#### [Problem to work on]
Reproduce the whole listing word for word. Leave every image out.

#### [Data section]

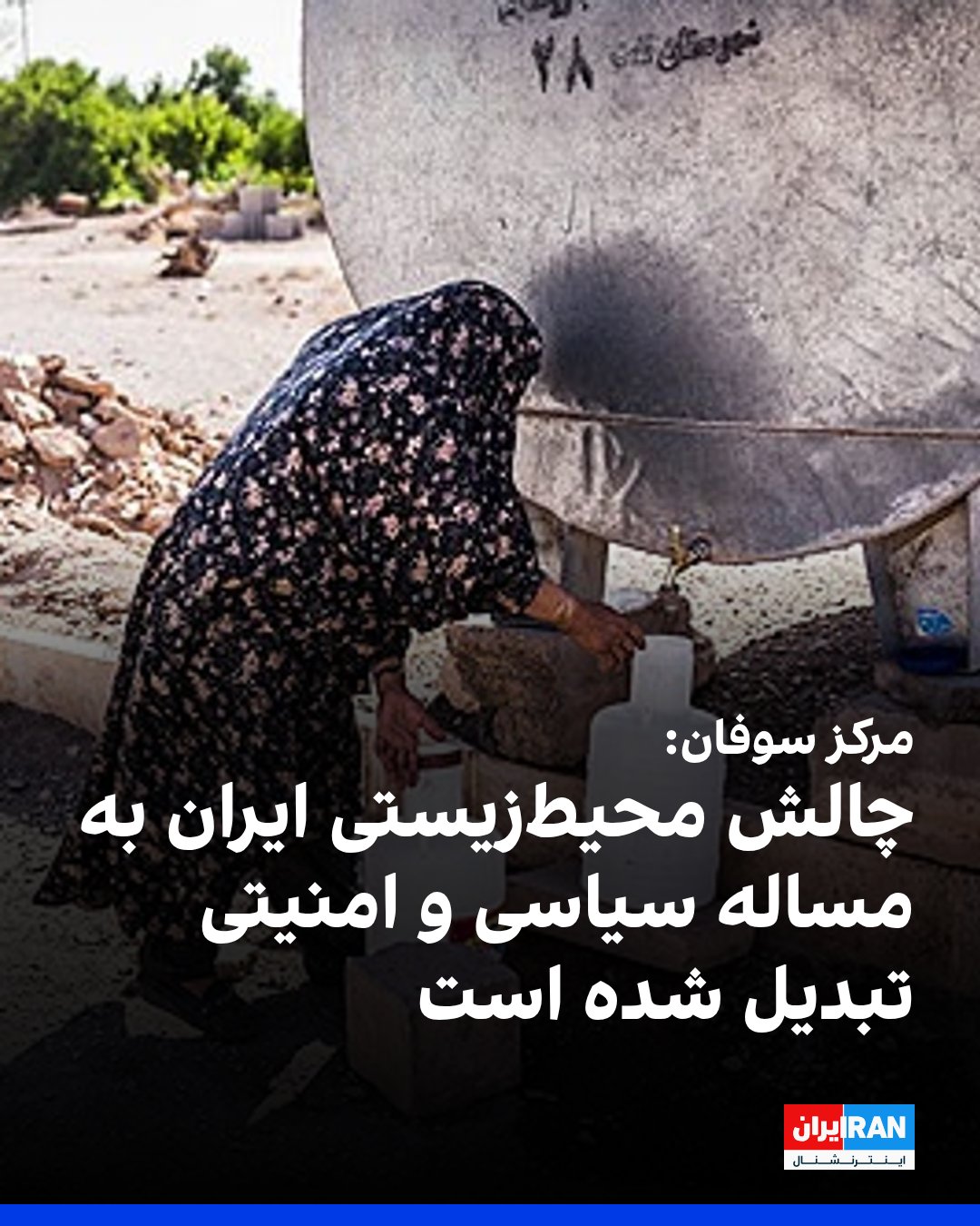 مرکز سوفان هشدار داده است بحران آب در ایران از یک چالش محیطزیستی فراتر رفته و به مسألهای جدی سیاسی و امنیتی تبدیل شده است. تحلیلها نشان میدهد که این بحران نتیجه دههها سیاستهای اشتباه، برنامههای بلندپروازانه خودکفایی غذایی و پنج سال خشکسالی تشدیدشده توسط تغییرات اقلیمی است
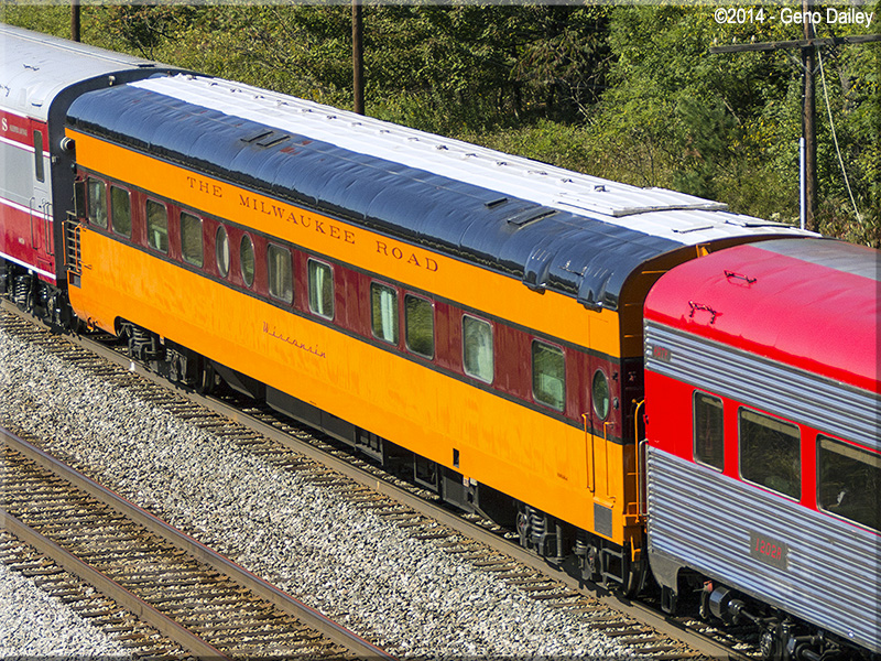 Built by Pullman-Standard in 1948 for the president of the Milwaukee Road. The car was also used for a short time by the Union Pacific Railroad to travel to Chicago. After UP, the car was sent back to the Milwaukee Road until the Soo Line bought them out and the car was renumbered Soo 100. In 2008, current owners Alan and Sherrie Conover purchased the car and restored the original name "Wisconsin". It has since been repaineted in the original paint scheme of orange and maroon. Historical Information about this car provided by AAPRCO. |
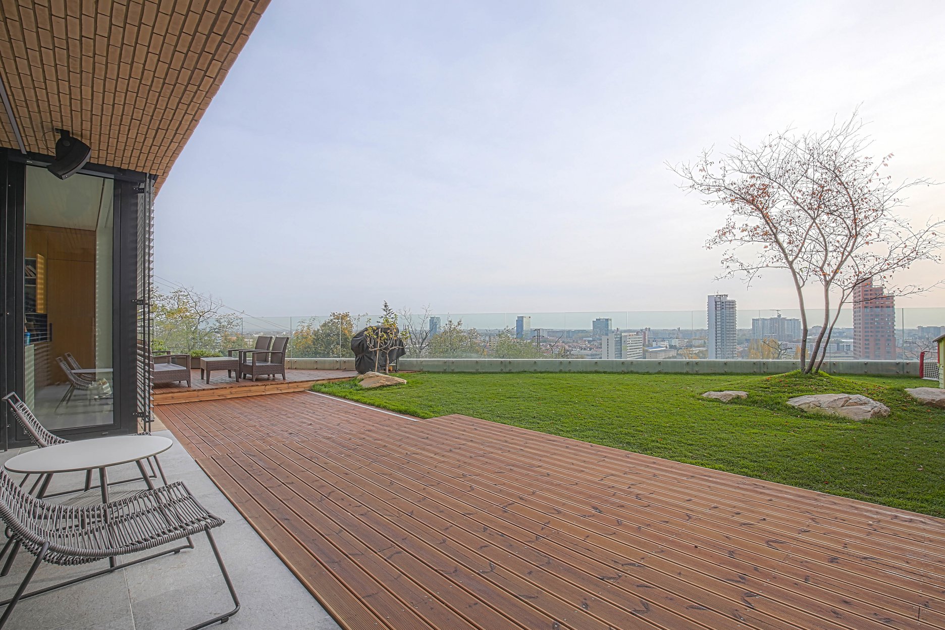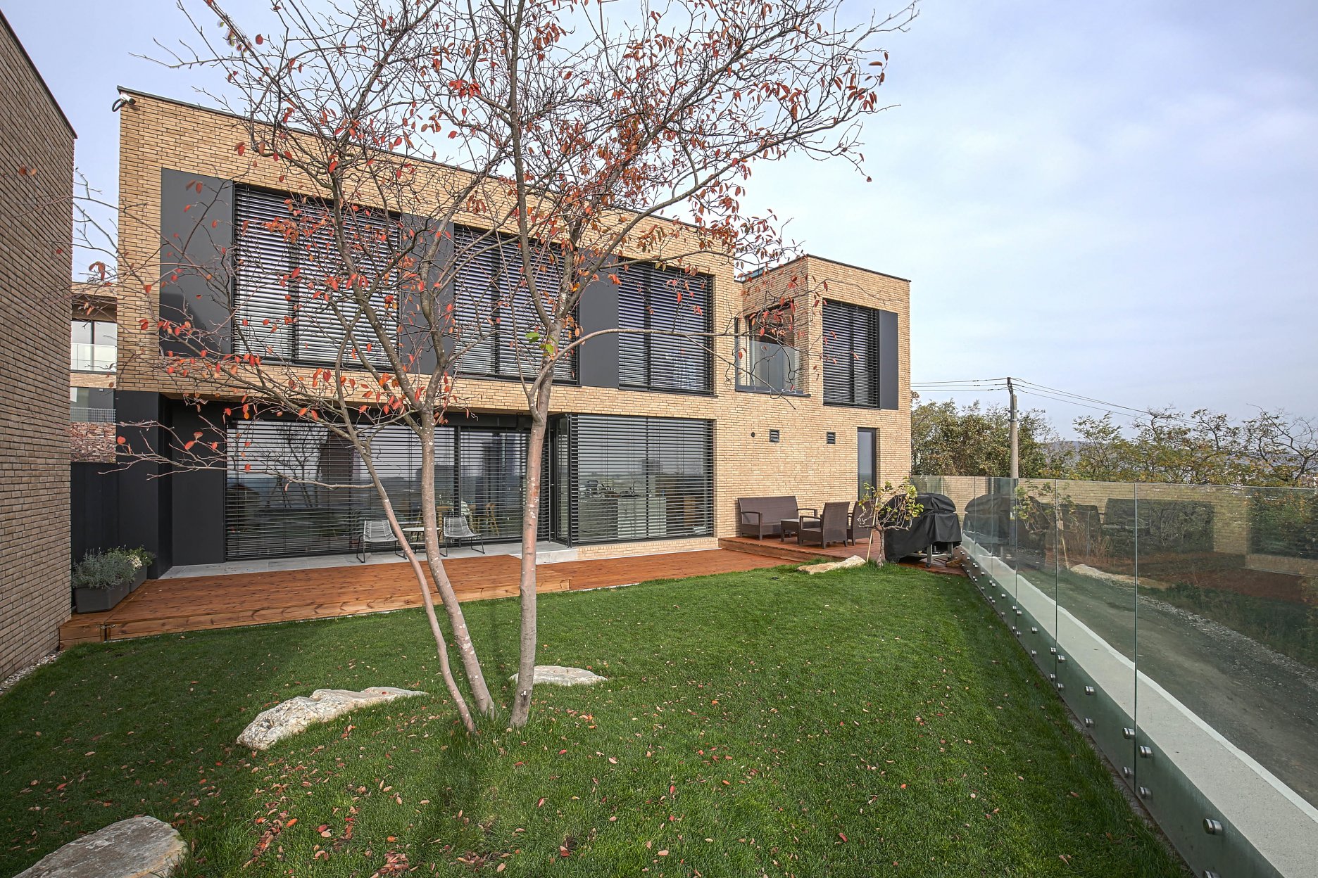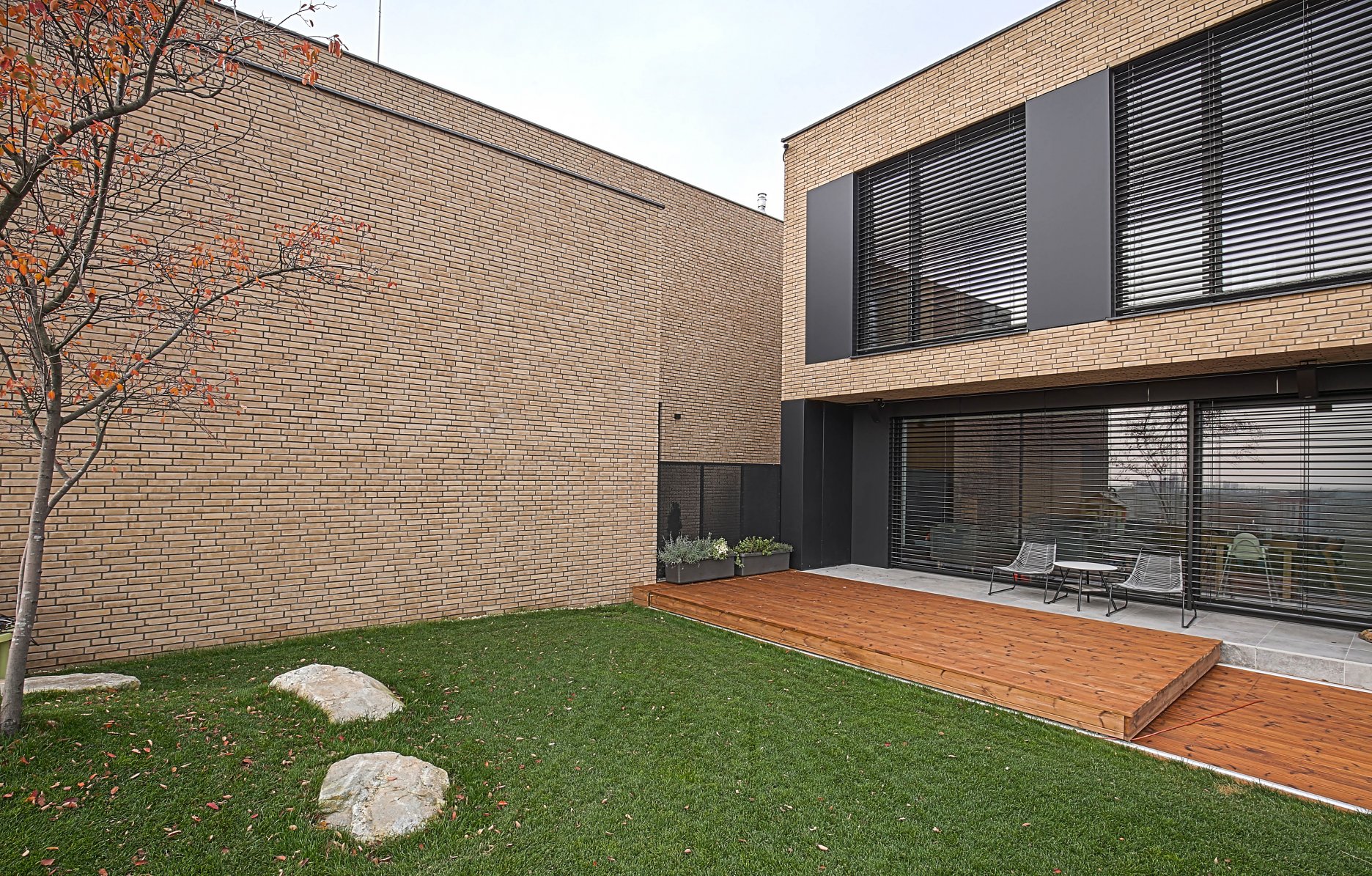 V spodnom rade je denná časť situovaná na nižšom poschodí, v kontakte s terénom a výhľadom na mesto.

#### [Written answer]
 مرکز سوفان هشدار داده است بحران آب در ایران از یک چالش محیطزیستی فراتر رفته و به مسألهای جدی سیاسی و امنیتی تبدیل شده است. تحلیلها نشان میدهد که این بحران نتیجه دههها سیاستهای اشتباه، برنامههای بلندپروازانه خودکفایی غذایی و پنج سال خشکسالی تشدیدشده توسط تغییرات اقلیمی است
 Built by Pullman-Standard in 1948 for the president of the Milwaukee Road. The car was also used for a short time by the Union Pacific Railroad to travel to Chicago. After UP, the car was sent back to the Milwaukee Road until the Soo Line bought them out and the car was renumbered Soo 100. In 2008, current owners Alan and Sherrie Conover purchased the car and restored the original name "Wisconsin". It has since been repaineted in the original paint scheme of orange and maroon. Historical Information about this car provided by AAPRCO. |
 V spodnom rade je denná časť situovaná na nižšom poschodí, v kontakte s terénom a výhľadom na mesto.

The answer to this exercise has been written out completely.